My goal when I translate is to create a work of art in English that also speaks very clearly to the original. I try to create a translation that echoes the structure of the original, follows the patterns of its sentences and paragraphs. I don’t break up sentences; I don’t move things around in paragraphs, and when editors want me to, I resist. I believe that beautiful, complicated thoughts—and Tabucchi’s thoughts are beautiful and complicated—require beautiful, complex sentences. I don’t see the goal of translation as making something read smoothly in English; if there are bumps and twists in the Italian, I want to capture those bumps and twists in my translation, but I want them to be as beautiful as they were in the original. I also believe that translating fiction—what I mainly translate—is not just about capturing words on the page but about the rendering of character, point of view, setting, and so on. All of these elements require my deep understanding of the book I’m translating as a work of fiction and then my recreation of this fictional world in English.
In terms of works from Italian that I love: William Weaver’s translation of Invisible Cities, by Italo Calvino. Geoff Brock’s translation of Disaffections: Complete Poems, by Cesare Pavese. Tim Parks’ translation of The Flying Creatures of Fra Angelico, by Antonio Tabucchi. Dick Davis’s translation of The Little Virtues, by Natalia Ginzburg and Minna Proctor’s translation of Ginzburg’s Happiness, as Such. There are many others. There are some young translators translating from Italian now whose work is fantastic.
SZ: What current projects are you working on or plan to work on? What future translations of yours do we have to look forward to?
EH: The last translation I completed was the Durastanti. I did that during our covid year, and it just about did me in. A great book but an exhausting time. I think it’s coming out in early spring 2022. My next projects are Tabucchi’s Viaggi e altri viaggi (Travels and Further Travels) and Giovanna Giordano’s Un volo magico (A Magic Flight). I have been hoping, for a while, to co-translate the novel Il Baleniere delle montagne (The Whaler of the Mountains), by Romana Petri, with my friend and colleague, Louise Rozier.
SZ: We look forward to these being available in English! Thank you for all of your answers, you have given readers of Stories with Pictures even more to think about as they contemplate this collection, as well as suggestions of other great works to read.
Saskia Elizabeth Ziolkowski is Assistant Professor at Duke University. She works on Italian literature from comparative perspective, especially in terms of German-language literatures, modernism, and Jewish studies.
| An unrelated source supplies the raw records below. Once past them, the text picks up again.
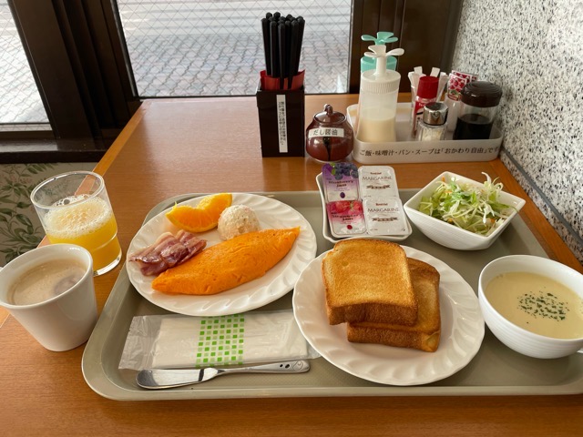 洋食をいただいた。パンとかはおかわり自由。
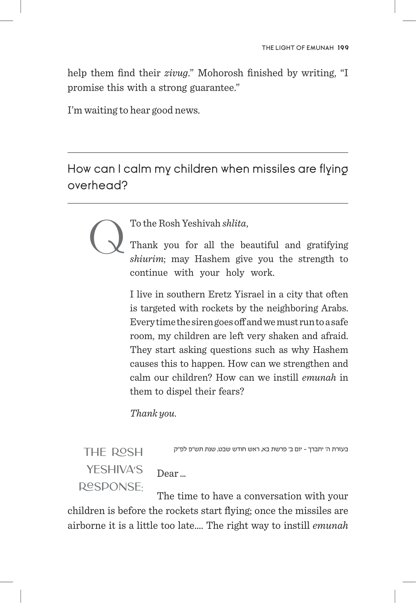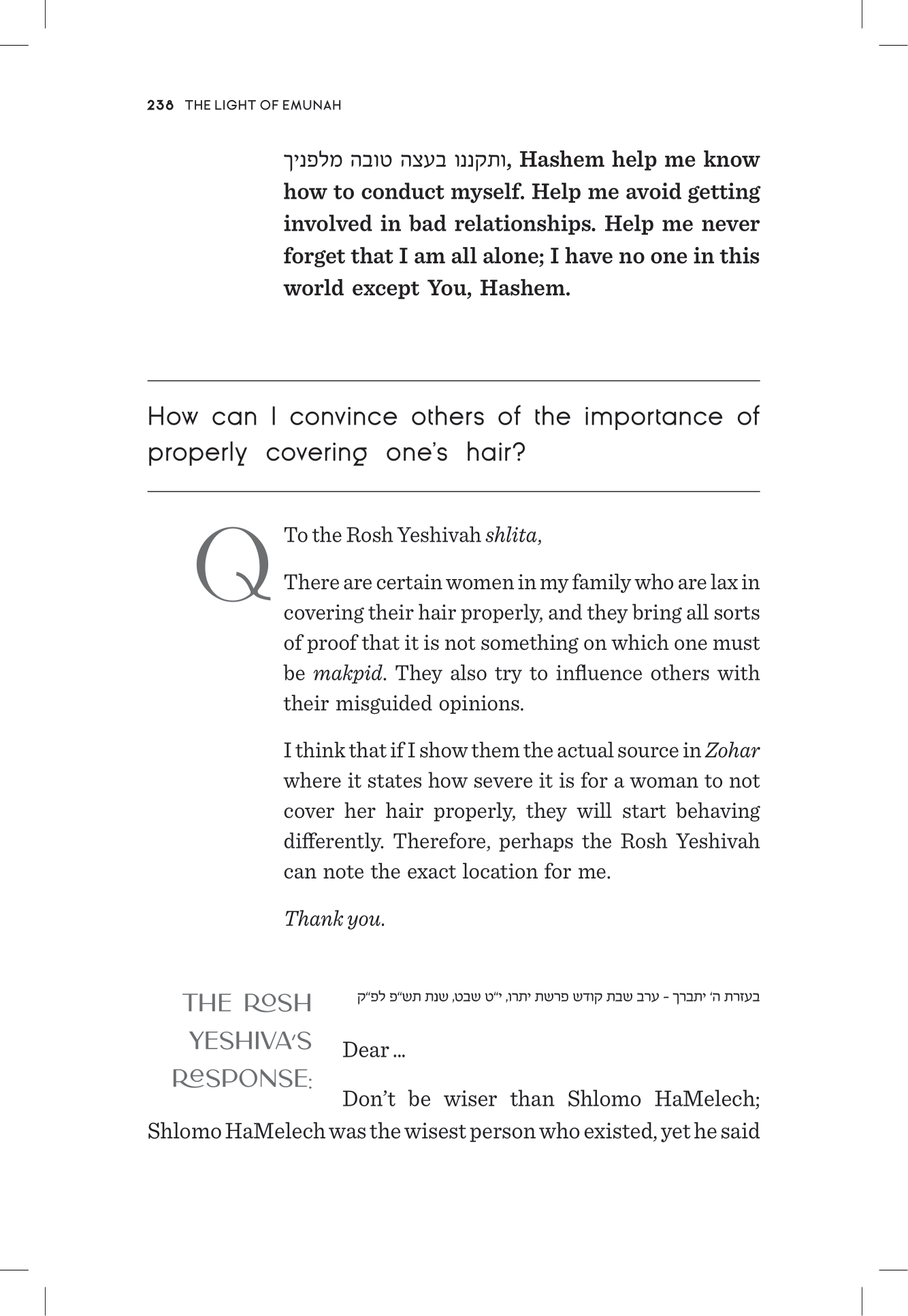 WRITTEN BY: HARAV REB YOEL ROTH SHLITA ROSH YESHIVAS TIFERES HATORAH
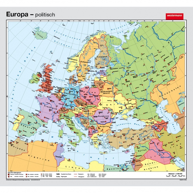Wandkarte Europa, phys.(Vorderseite), polit.(Rückseite), 155x144cm
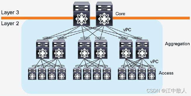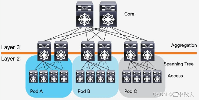 胖树架构被引入到数据中心之后,数据中心变成了传统的三层结构:
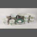 Four boxes of unused THOS E OSBORNE stainless steel knives, a box with 4 steak knives, 2 boxes of CLOVERLEAF serving mats and 1 box of 8-sided place mats all in moss green with gold trim plus some EPNS cutlery
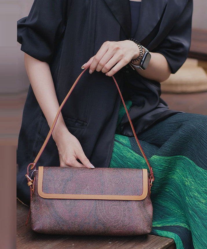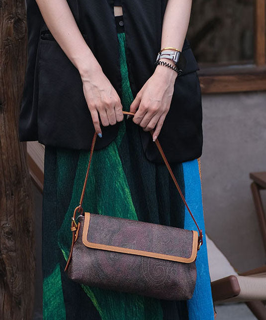Elegant Chocolate Jacquard Durable Leather Shoulder Bags

She has published articles and chapters on Primo Levi, Elsa Morante, Italo Svevo, Scipio Slataper, Franz Kafka, Robert Musil, Joseph Roth, and Rainer Maria Rilke, among others. Her book Kafka’s Italian Progeny (University of Toronto Press, 2020) explores Franz Kafka’s sometimes surprising connections with key writers — from Italo Svevo, Lalla Romano, and Italo Calvino to Antonio Tabucchi, Paola Capriolo, and Elena Ferrante — who shaped Italy’s literary landscape. She received her Ph.D. in Italian and Comparative Literature & Society from Columbia University. She is writing a book on Jewishness in Italian literature.